Jesus Appears in the Clouds Above a Philippine Basilica. Scientists Suggest It May Be a Cloud.

Devotees attending Mass at the Basilica Minore of Our Lady of Penafrancia in Naga City, Philippines were treated to what many are calling a miracle: a cloud formation, visible in the sky immediately after the service ended, that appeared to bear the face and figure of Jesus Christ. Photographs and videos went viral. Worshippers sang. Hearts were moved.

The Catholic Church, to its credit, has clarified that the sighting cannot be officially declared an apparition or miracle without a thorough investigation. The Church has been doing this for centuries now, and their hit rate on confirming miracles hovers somewhere around “not very high,” which says something either about rigorous theological standards or about clouds.

Scientists, meanwhile, have proposed that what the crowd witnessed may have been pareidolia — a well-documented psychological phenomenon in which the human brain, desperate to find patterns it recognizes, conjures familiar faces out of random visual noise.
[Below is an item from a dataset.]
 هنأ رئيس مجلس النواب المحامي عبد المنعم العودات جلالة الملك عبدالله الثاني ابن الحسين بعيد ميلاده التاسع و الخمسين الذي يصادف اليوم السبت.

In other words: your brain is so committed to seeing faces that it will manufacture them in toast, wood grain, water stains, and, apparently, cumulonimbus formations over Filipino basilicas.

This does not make the moment less beautiful for those who experienced it. It simply means that God, if He wanted to appear in the sky above a church right after Mass, chose to do so in a way indistinguishable from a weather pattern. Which, honestly, tracks.
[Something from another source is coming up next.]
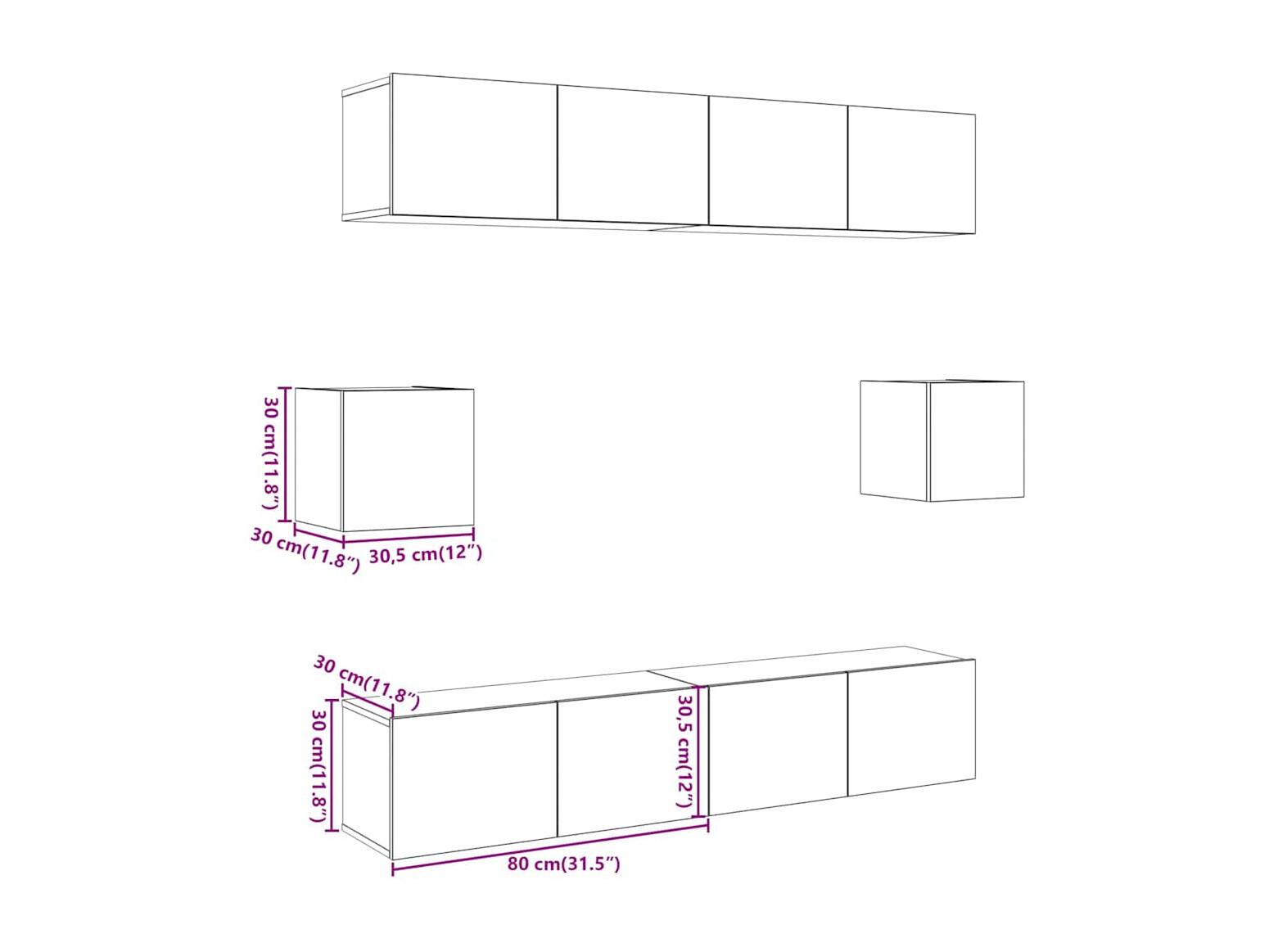 4-delig Tv-meubelset wandmontage bewerkt hout oud houtkleurig

We did not make this up. The Mirror has the photos, and you can judge for yourself.

Thousands Flee Daytona Beach in Stampede Caused Entirely by Someone Crushing a Water Bottle

Spring break at Daytona Beach is, by design, not a place where calm prevails. But this past March, the chaos reached new heights when thousands of people stampeded across the beach in full panic mode, convinced a mass shooting was underway. Police, deputies, and onlookers scrambled. It was chaos.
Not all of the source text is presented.